Stored records:
● ● ● ● ●

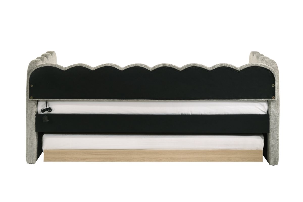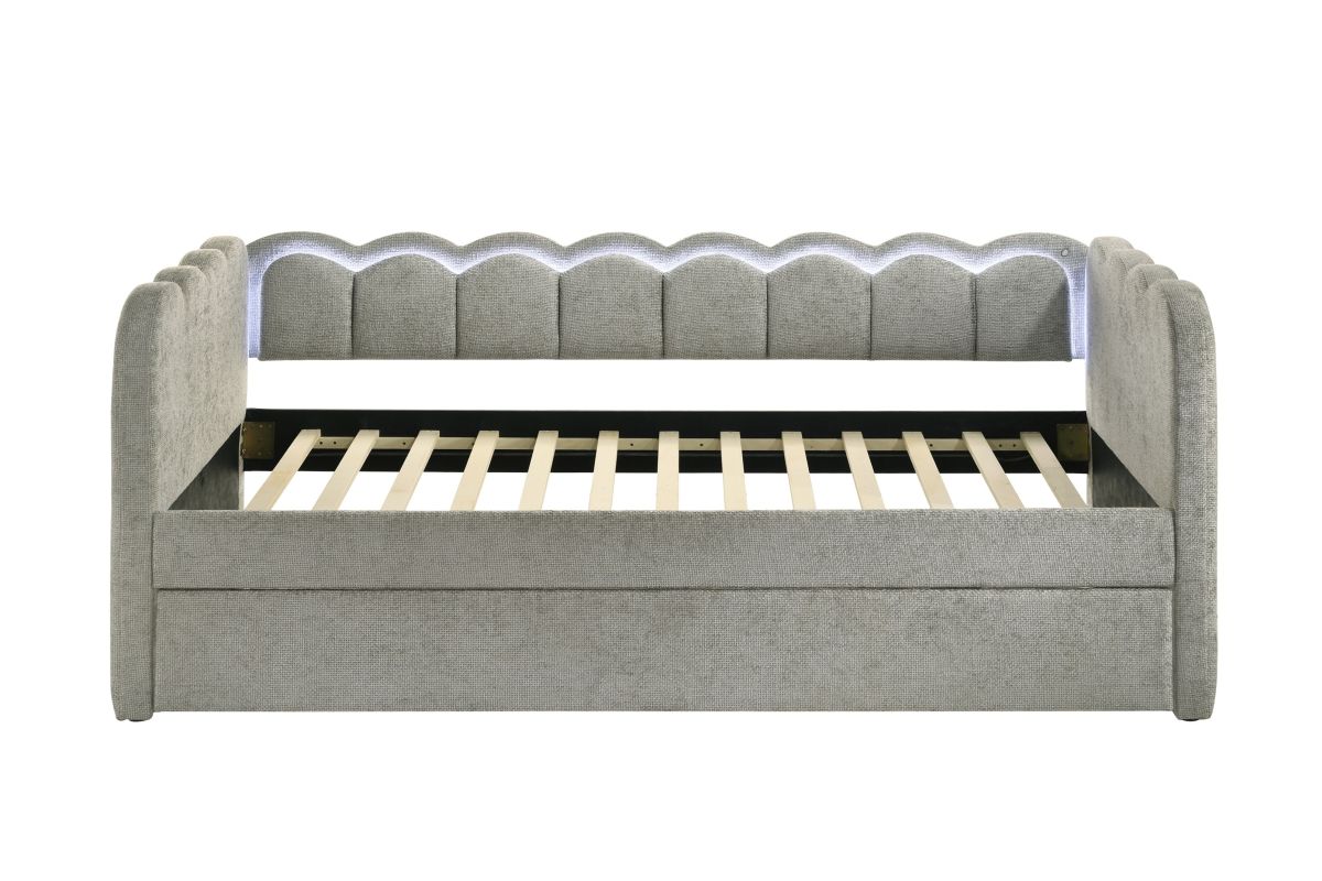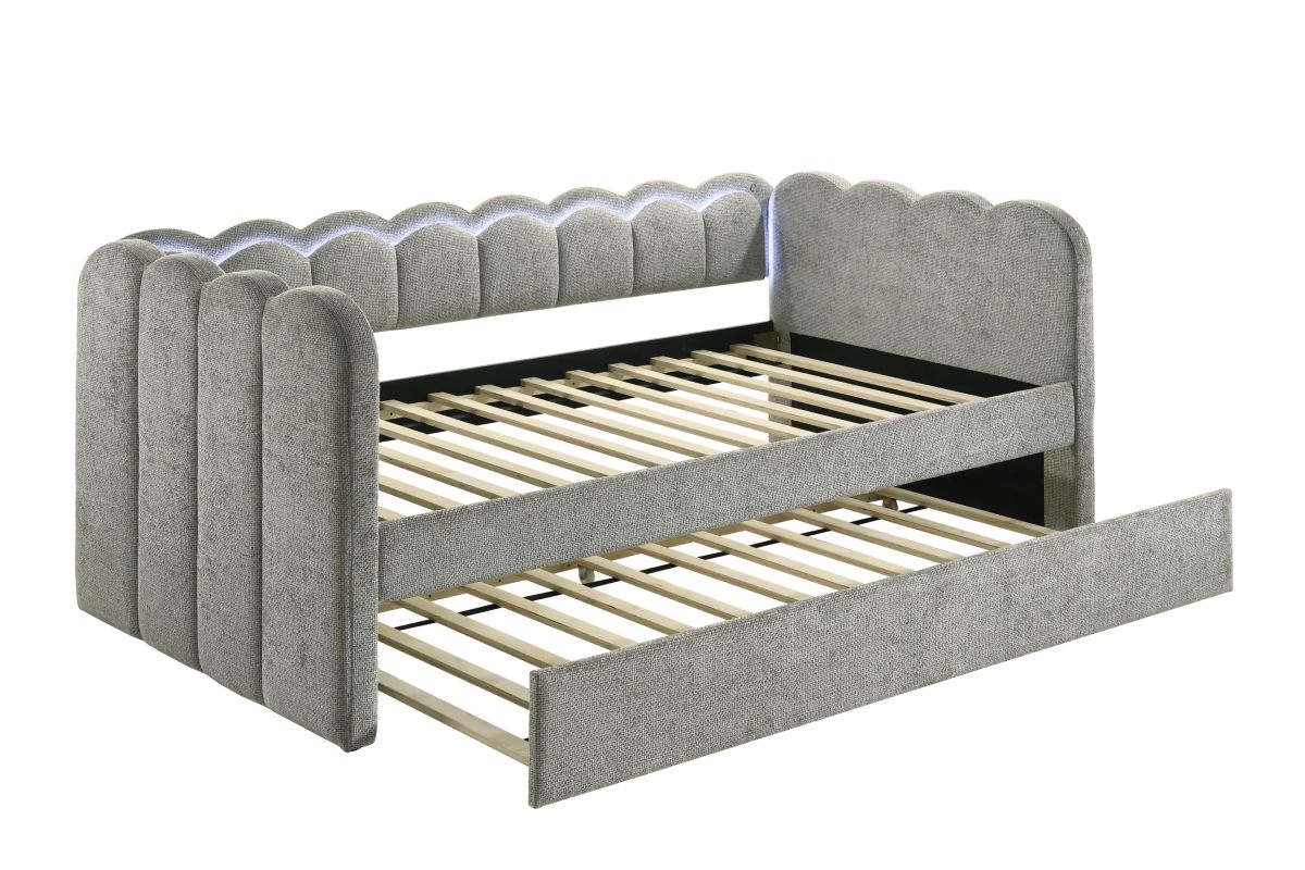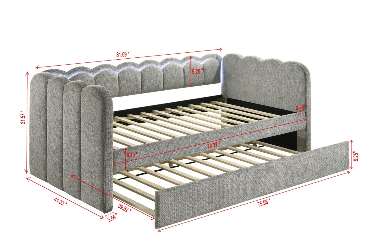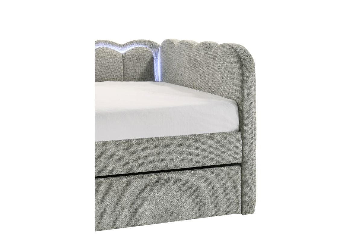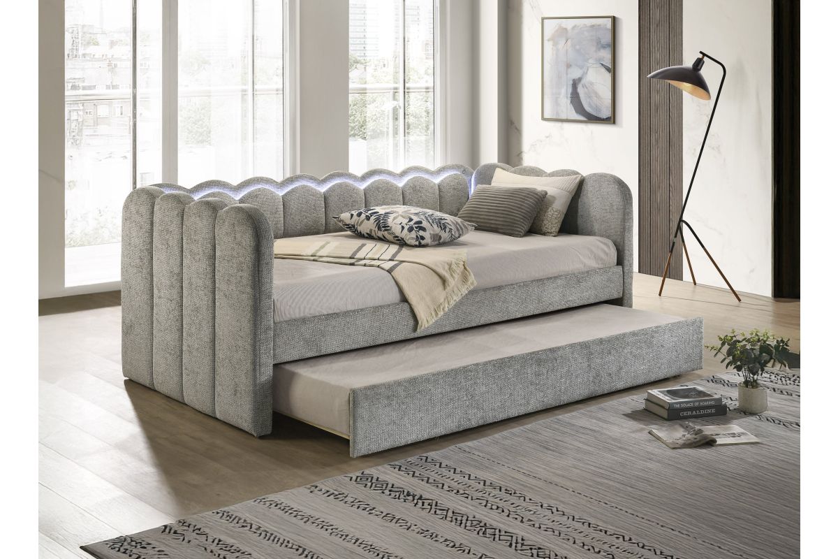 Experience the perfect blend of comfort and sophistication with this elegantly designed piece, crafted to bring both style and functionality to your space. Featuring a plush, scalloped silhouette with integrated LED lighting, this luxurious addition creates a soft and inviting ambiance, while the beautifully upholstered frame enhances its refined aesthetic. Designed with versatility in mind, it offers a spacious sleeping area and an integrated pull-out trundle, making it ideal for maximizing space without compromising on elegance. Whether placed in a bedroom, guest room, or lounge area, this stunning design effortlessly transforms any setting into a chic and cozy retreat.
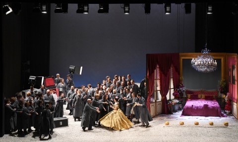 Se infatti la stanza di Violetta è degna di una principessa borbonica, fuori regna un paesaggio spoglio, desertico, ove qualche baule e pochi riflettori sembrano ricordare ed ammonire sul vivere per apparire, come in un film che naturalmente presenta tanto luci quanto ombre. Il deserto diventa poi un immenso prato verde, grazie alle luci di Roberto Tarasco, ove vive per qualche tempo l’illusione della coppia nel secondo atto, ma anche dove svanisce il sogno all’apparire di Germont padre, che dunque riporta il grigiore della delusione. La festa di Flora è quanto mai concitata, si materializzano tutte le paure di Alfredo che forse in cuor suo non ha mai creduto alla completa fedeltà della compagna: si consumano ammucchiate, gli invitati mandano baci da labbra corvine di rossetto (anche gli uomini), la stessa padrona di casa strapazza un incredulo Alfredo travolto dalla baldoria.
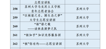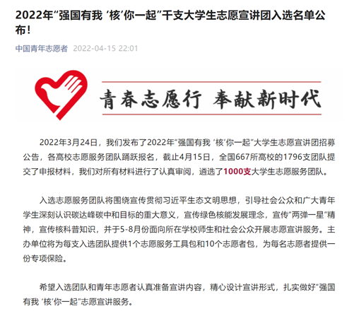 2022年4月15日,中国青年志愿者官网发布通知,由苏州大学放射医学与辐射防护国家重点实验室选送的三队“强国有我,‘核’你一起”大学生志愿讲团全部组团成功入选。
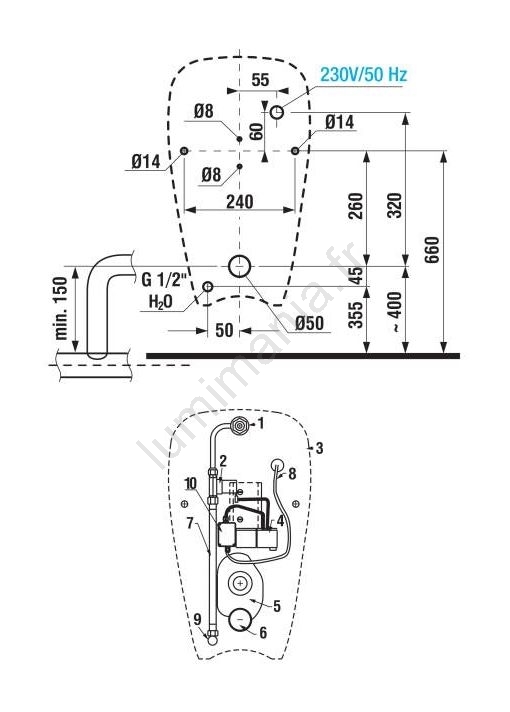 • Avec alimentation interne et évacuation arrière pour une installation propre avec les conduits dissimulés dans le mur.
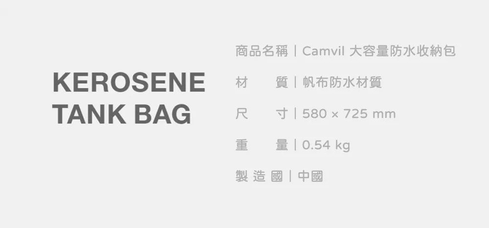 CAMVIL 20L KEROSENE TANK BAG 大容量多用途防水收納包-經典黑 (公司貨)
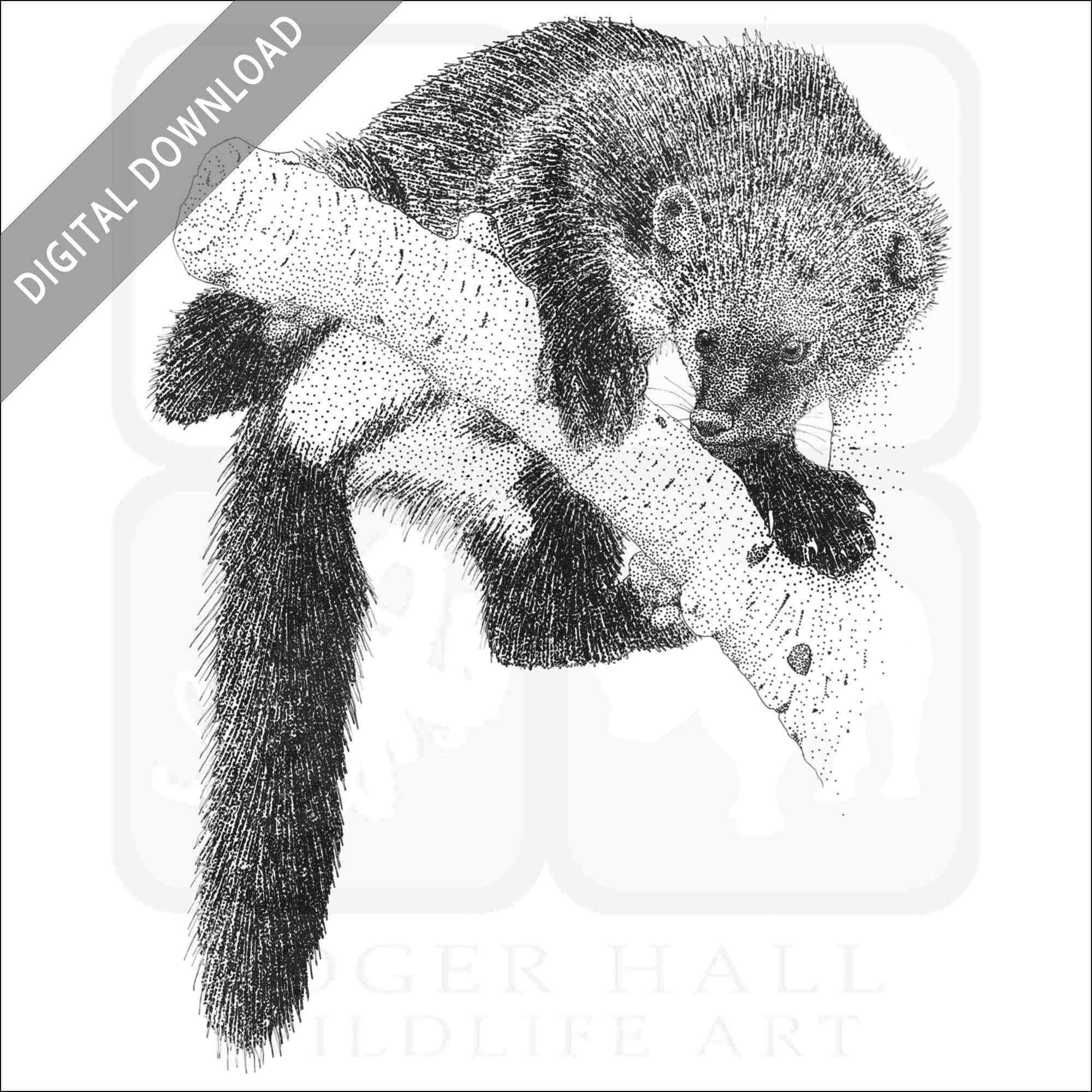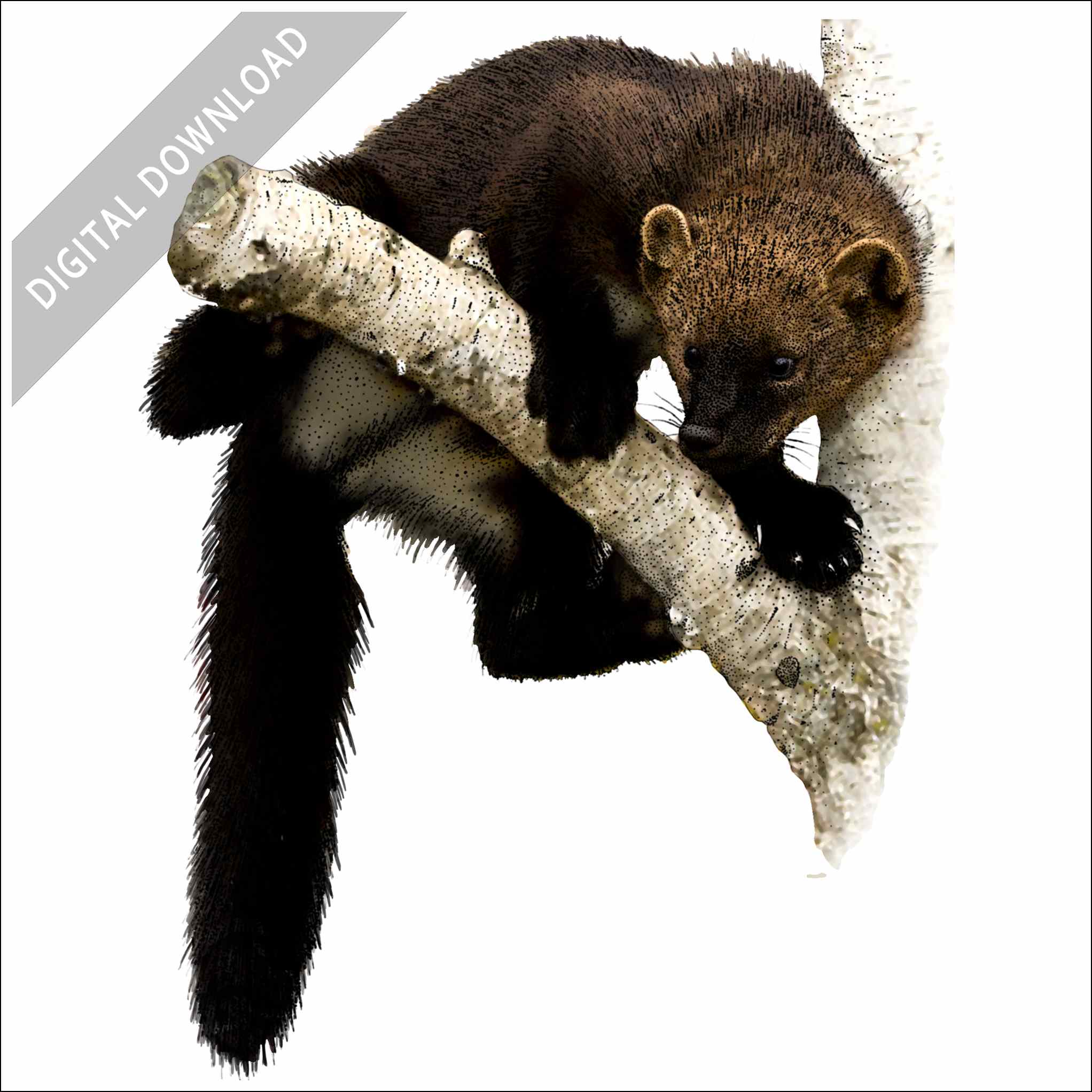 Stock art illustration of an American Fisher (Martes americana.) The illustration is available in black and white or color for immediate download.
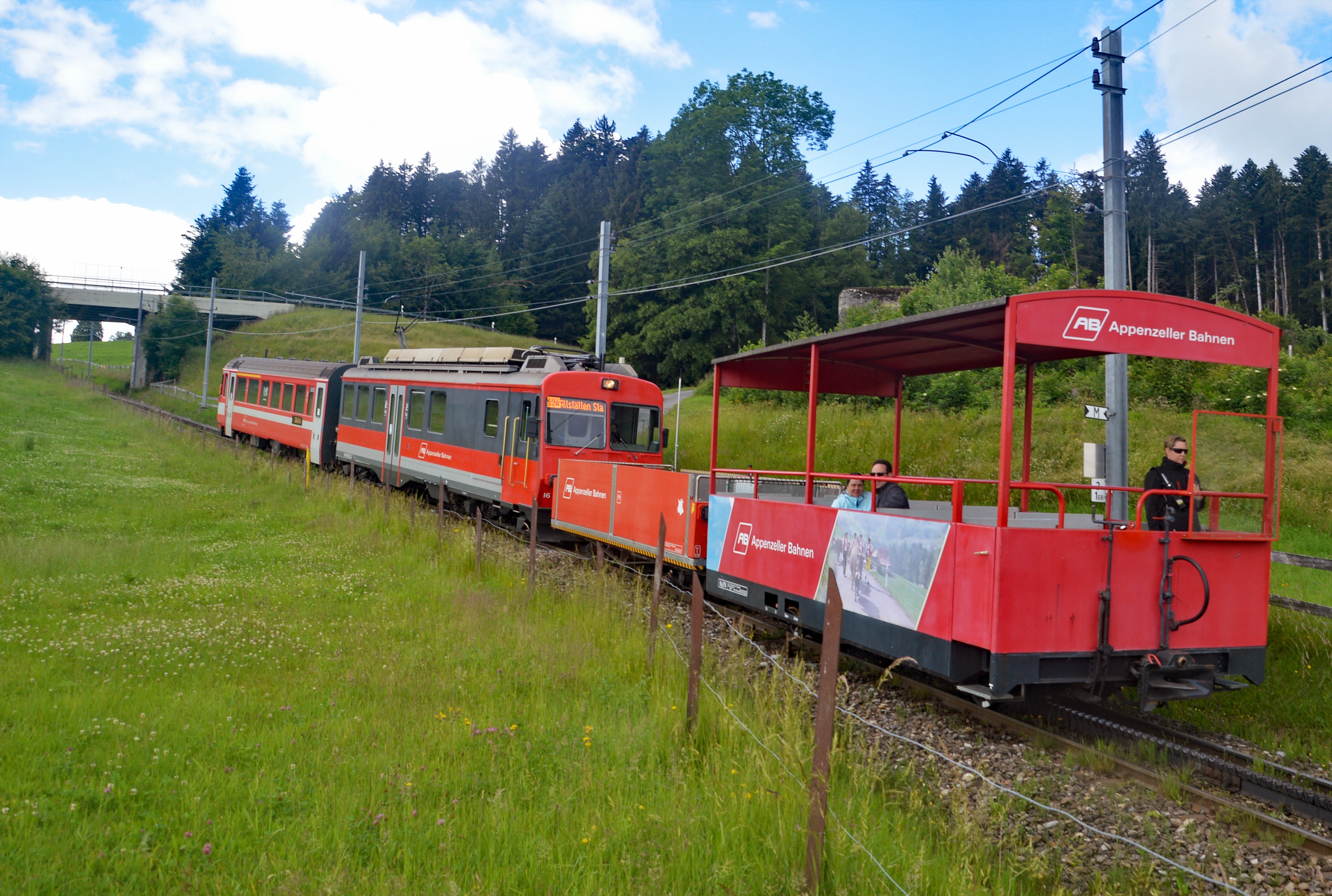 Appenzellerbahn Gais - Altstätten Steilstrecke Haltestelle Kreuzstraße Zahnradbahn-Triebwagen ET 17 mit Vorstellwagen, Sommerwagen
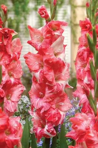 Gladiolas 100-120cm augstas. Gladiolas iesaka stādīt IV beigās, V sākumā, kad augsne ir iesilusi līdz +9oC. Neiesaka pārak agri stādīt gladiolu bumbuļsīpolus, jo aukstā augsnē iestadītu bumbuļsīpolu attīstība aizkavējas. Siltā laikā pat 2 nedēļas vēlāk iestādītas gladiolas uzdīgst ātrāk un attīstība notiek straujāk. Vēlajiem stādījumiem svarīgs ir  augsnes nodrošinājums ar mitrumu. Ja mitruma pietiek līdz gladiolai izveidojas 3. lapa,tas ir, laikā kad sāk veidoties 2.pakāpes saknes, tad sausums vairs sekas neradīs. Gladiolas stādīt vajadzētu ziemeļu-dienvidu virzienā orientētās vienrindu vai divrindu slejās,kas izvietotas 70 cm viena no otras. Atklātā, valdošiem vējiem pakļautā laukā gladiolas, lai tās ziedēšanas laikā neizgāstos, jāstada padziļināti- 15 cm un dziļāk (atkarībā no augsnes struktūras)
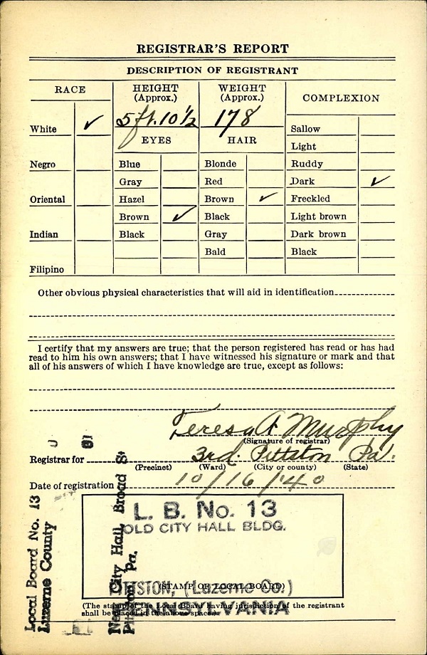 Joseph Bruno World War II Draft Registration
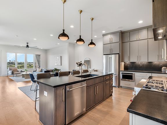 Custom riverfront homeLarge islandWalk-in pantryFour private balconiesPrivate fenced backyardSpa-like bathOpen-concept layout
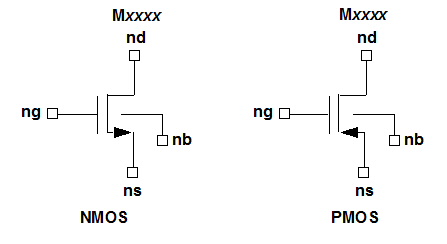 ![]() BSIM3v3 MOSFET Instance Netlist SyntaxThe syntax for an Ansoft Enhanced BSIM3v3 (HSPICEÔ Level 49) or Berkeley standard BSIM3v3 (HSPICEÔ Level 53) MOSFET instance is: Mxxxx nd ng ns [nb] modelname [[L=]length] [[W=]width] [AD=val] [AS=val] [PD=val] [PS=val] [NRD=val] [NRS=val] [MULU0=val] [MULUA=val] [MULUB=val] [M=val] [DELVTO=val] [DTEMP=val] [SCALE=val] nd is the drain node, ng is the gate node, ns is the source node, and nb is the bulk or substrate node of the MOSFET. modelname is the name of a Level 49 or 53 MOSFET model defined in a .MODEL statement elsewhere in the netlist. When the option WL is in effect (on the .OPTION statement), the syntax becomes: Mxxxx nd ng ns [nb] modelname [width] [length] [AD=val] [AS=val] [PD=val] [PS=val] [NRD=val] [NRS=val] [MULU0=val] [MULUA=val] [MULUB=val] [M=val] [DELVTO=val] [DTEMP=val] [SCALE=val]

● ● ● ● ●

**EXERCISE OBJECTIVE:** Return the stretch of data that begins with the line showing "2022年4月15日,中国青" and goes on through the line showing "Appenzellerbahn Gais - Altstätten", exactly, with pictures removed.

**EXERCISE ANSWER:**
 2022年4月15日,中国青年志愿者官网发布通知,由苏州大学放射医学与辐射防护国家重点实验室选送的三队“强国有我,‘核’你一起”大学生志愿讲团全部组团成功入选。
 • Avec alimentation interne et évacuation arrière pour une installation propre avec les conduits dissimulés dans le mur.
 CAMVIL 20L KEROSENE TANK BAG 大容量多用途防水收納包-經典黑 (公司貨)
 Stock art illustration of an American Fisher (Martes americana.) The illustration is available in black and white or color for immediate download.
 Appenzellerbahn Gais - Altstätten Steilstrecke Haltestelle Kreuzstraße Zahnradbahn-Triebwagen ET 17 mit Vorstellwagen, Sommerwagen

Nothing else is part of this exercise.